What is required -
Beginning with the line containing "及以下步骤:块大的改一下刀。 为了牛骨和肉容易分离,在肉和骨之间来一刀。 煮肉的汤要留下,并纱布淋净。" and ending with the line containing "л ,4 л, индукция", write out each line of the records below exactly; pictures and lines outside that range are left out.

━━━ Information

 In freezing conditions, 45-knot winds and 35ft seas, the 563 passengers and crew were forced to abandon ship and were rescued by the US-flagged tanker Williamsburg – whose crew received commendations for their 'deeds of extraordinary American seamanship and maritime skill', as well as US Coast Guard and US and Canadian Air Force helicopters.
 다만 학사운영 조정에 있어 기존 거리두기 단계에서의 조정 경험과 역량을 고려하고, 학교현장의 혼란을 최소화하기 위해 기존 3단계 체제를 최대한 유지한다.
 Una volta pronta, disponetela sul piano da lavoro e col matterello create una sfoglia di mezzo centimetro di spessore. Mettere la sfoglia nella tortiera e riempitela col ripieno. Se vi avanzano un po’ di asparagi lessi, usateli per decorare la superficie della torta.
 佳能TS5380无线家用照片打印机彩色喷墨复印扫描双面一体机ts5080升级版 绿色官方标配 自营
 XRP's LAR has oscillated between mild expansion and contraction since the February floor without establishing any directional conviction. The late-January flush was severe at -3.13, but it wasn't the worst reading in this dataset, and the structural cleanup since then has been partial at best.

━━━━━━
━━━ Information

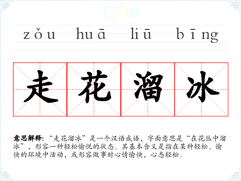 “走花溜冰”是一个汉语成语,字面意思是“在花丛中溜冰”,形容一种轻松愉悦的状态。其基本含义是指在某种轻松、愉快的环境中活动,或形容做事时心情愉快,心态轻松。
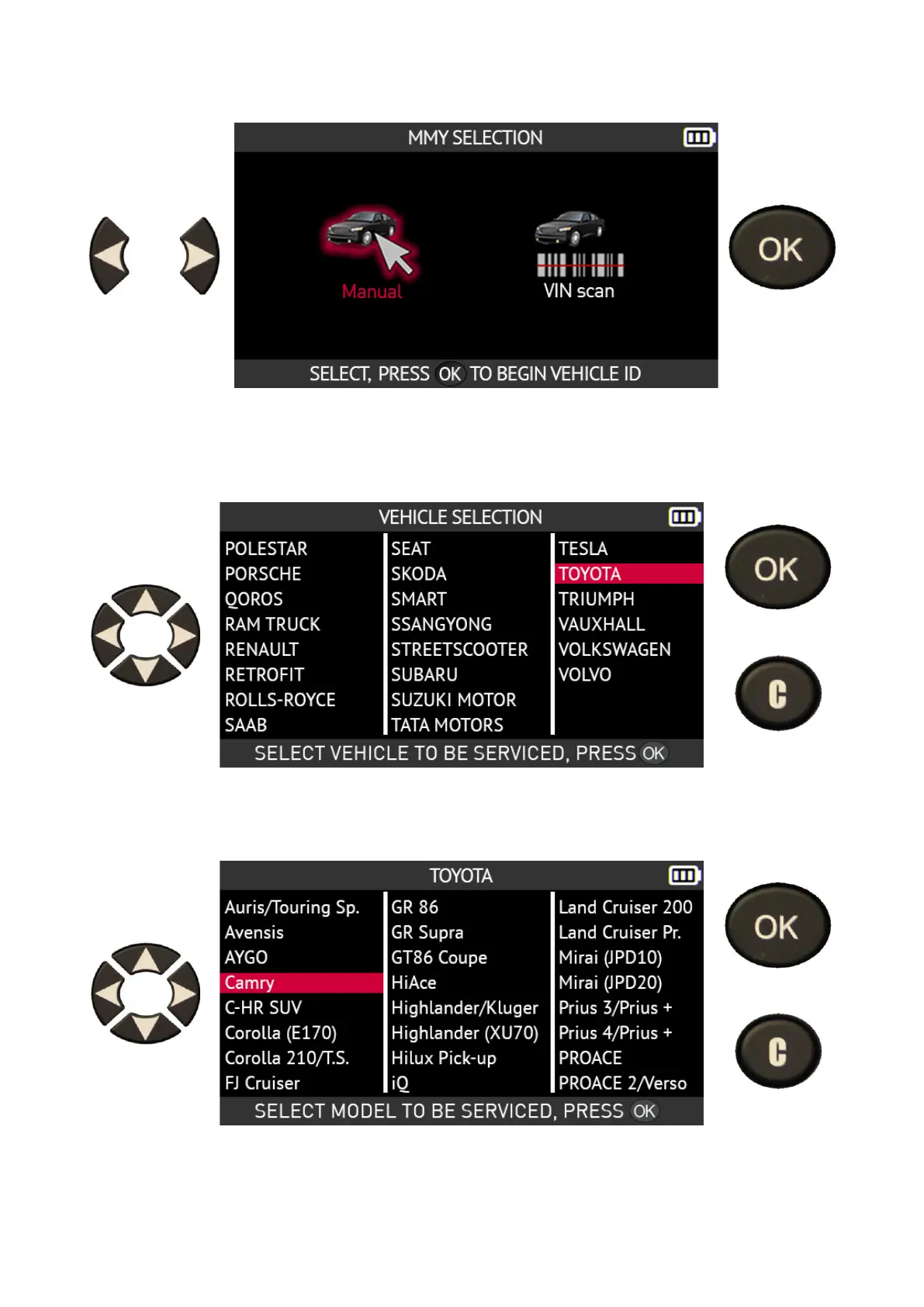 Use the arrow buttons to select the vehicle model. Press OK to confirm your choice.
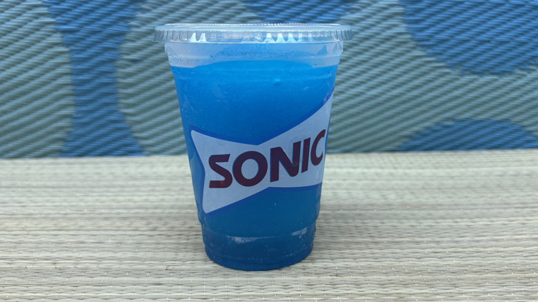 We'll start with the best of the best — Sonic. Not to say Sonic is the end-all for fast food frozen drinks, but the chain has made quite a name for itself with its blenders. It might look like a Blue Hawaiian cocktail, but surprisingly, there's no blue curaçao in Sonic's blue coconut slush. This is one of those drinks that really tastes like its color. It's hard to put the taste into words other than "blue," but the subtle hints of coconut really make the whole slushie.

━━━━━━
━━━ Information

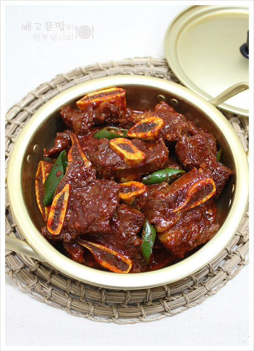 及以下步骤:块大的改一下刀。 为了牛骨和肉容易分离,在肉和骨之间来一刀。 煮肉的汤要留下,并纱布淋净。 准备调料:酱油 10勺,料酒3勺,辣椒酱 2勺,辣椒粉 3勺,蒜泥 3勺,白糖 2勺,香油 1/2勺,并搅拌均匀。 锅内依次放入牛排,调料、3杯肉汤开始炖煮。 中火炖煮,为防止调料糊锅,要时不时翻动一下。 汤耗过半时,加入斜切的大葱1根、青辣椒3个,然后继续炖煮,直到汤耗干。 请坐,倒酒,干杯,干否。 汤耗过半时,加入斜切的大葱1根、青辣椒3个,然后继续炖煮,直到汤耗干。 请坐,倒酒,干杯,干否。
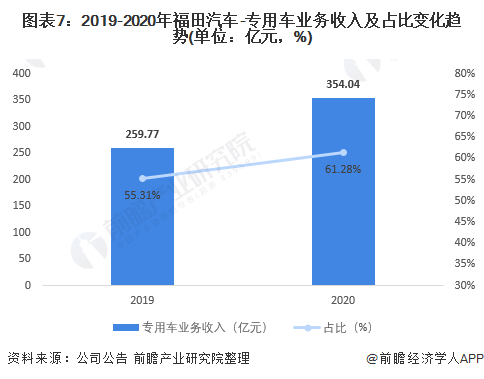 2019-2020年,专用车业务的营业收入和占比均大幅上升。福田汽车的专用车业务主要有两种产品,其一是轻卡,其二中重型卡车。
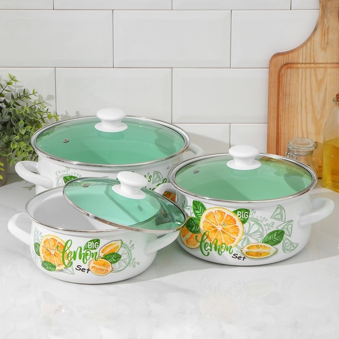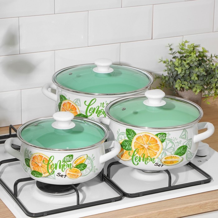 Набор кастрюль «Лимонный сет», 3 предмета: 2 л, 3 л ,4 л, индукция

━━━━━━

Answer for this exercise -
 及以下步骤:块大的改一下刀。 为了牛骨和肉容易分离,在肉和骨之间来一刀。 煮肉的汤要留下,并纱布淋净。 准备调料:酱油 10勺,料酒3勺,辣椒酱 2勺,辣椒粉 3勺,蒜泥 3勺,白糖 2勺,香油 1/2勺,并搅拌均匀。 锅内依次放入牛排,调料、3杯肉汤开始炖煮。 中火炖煮,为防止调料糊锅,要时不时翻动一下。 汤耗过半时,加入斜切的大葱1根、青辣椒3个,然后继续炖煮,直到汤耗干。 请坐,倒酒,干杯,干否。 汤耗过半时,加入斜切的大葱1根、青辣椒3个,然后继续炖煮,直到汤耗干。 请坐,倒酒,干杯,干否。
 2019-2020年,专用车业务的营业收入和占比均大幅上升。福田汽车的专用车业务主要有两种产品,其一是轻卡,其二中重型卡车。
 Набор кастрюль «Лимонный сет», 3 предмета: 2 л, 3 л ,4 л, индукция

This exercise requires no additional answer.